Run-and-tumble motion is a pattern of locomotion exhibited by certain microorganisms, most notably flagellated bacteria such as Escherichia coli. The movement consists of alternating phases: a “run,” during which the organism propels itself in a relatively straight trajectory, and a “tumble,” a brief reorientation event that changes the swimming direction.
Mechanism
- Run phase – Bacterial flagella rotate counter‑clockwise (as viewed from the cell body), causing the helical filaments to bundle together and act as a propulsive unit. This generates a forward thrust that moves the cell at speeds of 20–30 µm s⁻¹ in aqueous environments.
- Tumble phase – A reversal of rotation to clockwise in one or more flagella disrupts the bundle, causing the filaments to splay outward. The resulting loss of coordinated thrust leads to a rapid, stochastic reorientation of the cell body, typically lasting 0.1–0.2 seconds. After the tumble, flagella resume counter‑clockwise rotation and a new run begins in a different direction.
Chemotactic Regulation
Run-and-tumble behavior is modulated by chemotaxis signaling pathways that allow bacteria to navigate chemical gradients. In the presence of attractants, the frequency of tumbles decreases, lengthening runs toward higher concentrations. Conversely, repellents increase tumble frequency, promoting movement away from unfavorable environments. The underlying molecular circuitry involves chemoreceptors (MCPs), the CheA/CheY phosphorelay, and motor switch proteins that control flagellar rotation.
Mathematical Modeling
The stochastic nature of run-and-tumble motion is frequently described using random walk models. Key parameters include:
- Run length distribution (often approximated by an exponential decay)

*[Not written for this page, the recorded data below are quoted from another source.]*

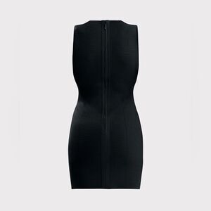 A bodycon knit dress cut in a mini-length silhouette with a crystal-trimmed cutout on the bust.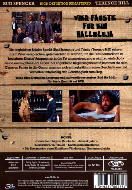 Selten ist der Wilde Westen so kräftig auf den Arm genommen worden, wie in diesem Film. Das sympathische Duo Bud Spencer/Terence Hill, deren Humor so schlagkräftig ist, wie die berühmten Fäuste, lehren ihre Gegner mit Rosenkranz und Revolver das Beten.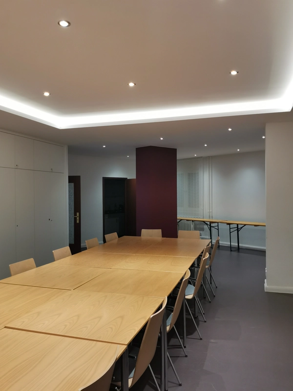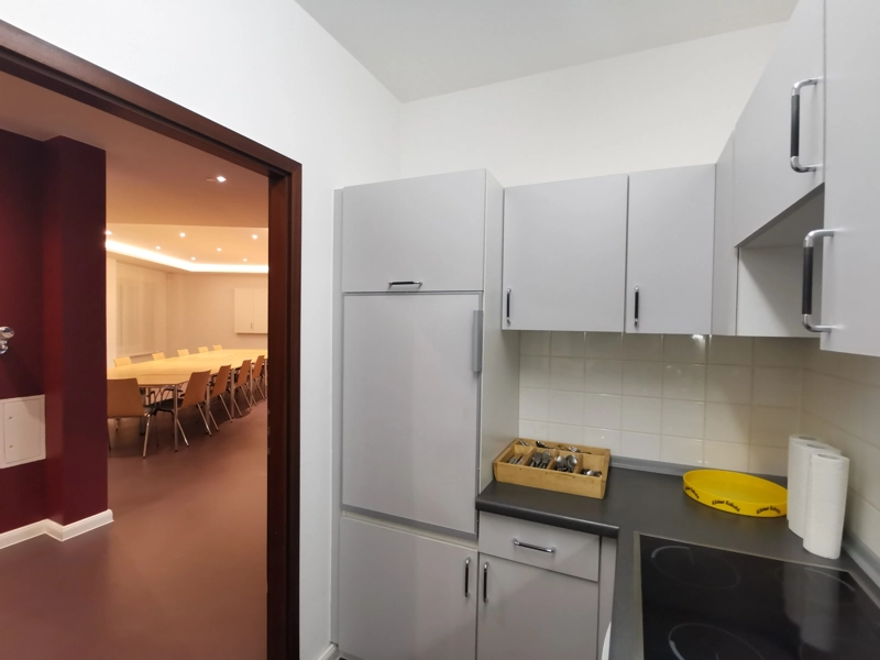 Der Raum verfügt über eine Bestuhlung für ca. 40 Personen, Toiletten und Garderoben befinden sich im Eingangsbereich.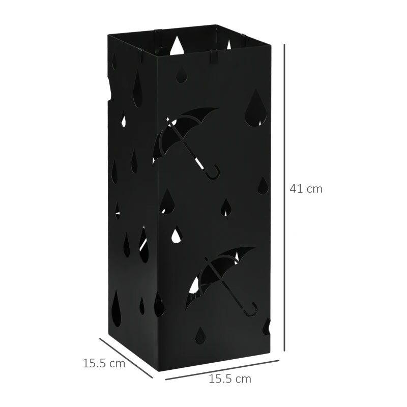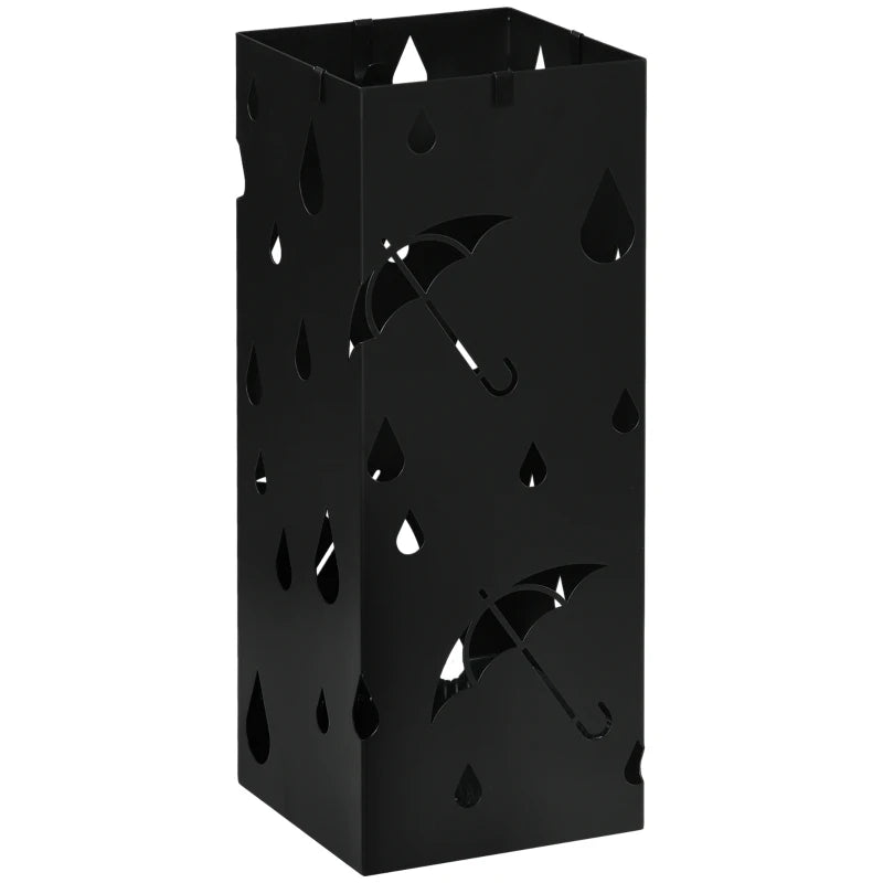 HOMCOM Heavy Duty Square Umbrella Basket w/ 4 Hooks & Drip Tray | Black, Metal
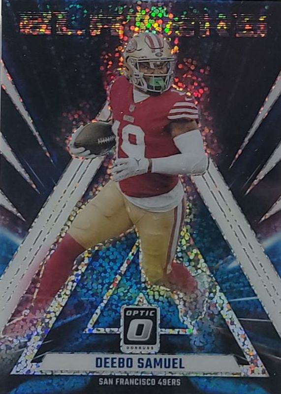 This card is 1 of 5 Deebo Samuel's card variations in the 2023 Optic set being tracked by Sports Card Investor, including Blazers /(SSP), Blazers - Black Pandora /25, Blazers - Gold /10, and Blazers - Gold Vinyl /1.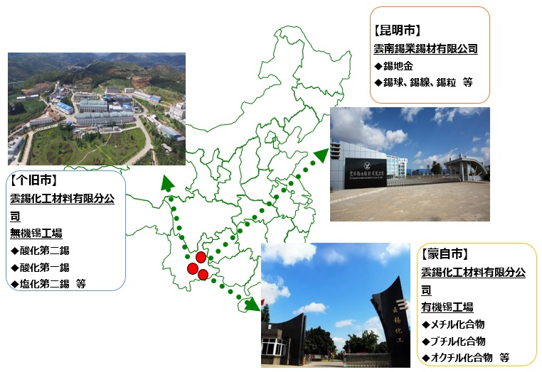 雲南錫業グループと当社は2008年に雲南錫業100%出資子会社の雲錫(香港)資源有限公司と全世界向け液晶基板ガラス用途での独占総代理店契約締結致しました。その後、2018年には日本向け、はんだ・錫化工品用途での総代理店契約締結し、日本国内で在庫販売を開始しました。また、これ以外にも有機錫化合物の取り組みも拡大し、錫関連製品の総合窓口として関係を強化しています。

- Tumbling rate (λ), typically expressed as tumbles per second
- Rotational diffusion during runs, which influences the effective persistence length of trajectories
These models have been employed to predict bacterial dispersion, colony expansion, and the efficiency of nutrient foraging.
Biophysical Significance
Run-and-tumble motion enables microorganisms to explore their environment efficiently despite low Reynolds numbers, where viscous forces dominate inertial effects. By alternating between directed motion and random reorientation, cells can sample spatial information without the need for complex sensory apparatus.
Applications and Research
Understanding run-and-tumble dynamics informs several fields:
- Microbial ecology – Insight into population distribution and biofilm formation.
- Synthetic biology – Engineering of motility patterns in designed microbial systems.
- Robotics – Development of micro‑robots that emulate bacterial navigation strategies.
- Medical science – Investigation of pathogen dispersal and infection mechanisms.
Historical Context
The term “run-and-tumble” was introduced in the 1970s following microscopic observations of E. coli motility by scientists such as Howard Berg and colleagues. Their pioneering work quantified the statistical properties of runs and tumbles, establishing the framework for subsequent theoretical and experimental studies.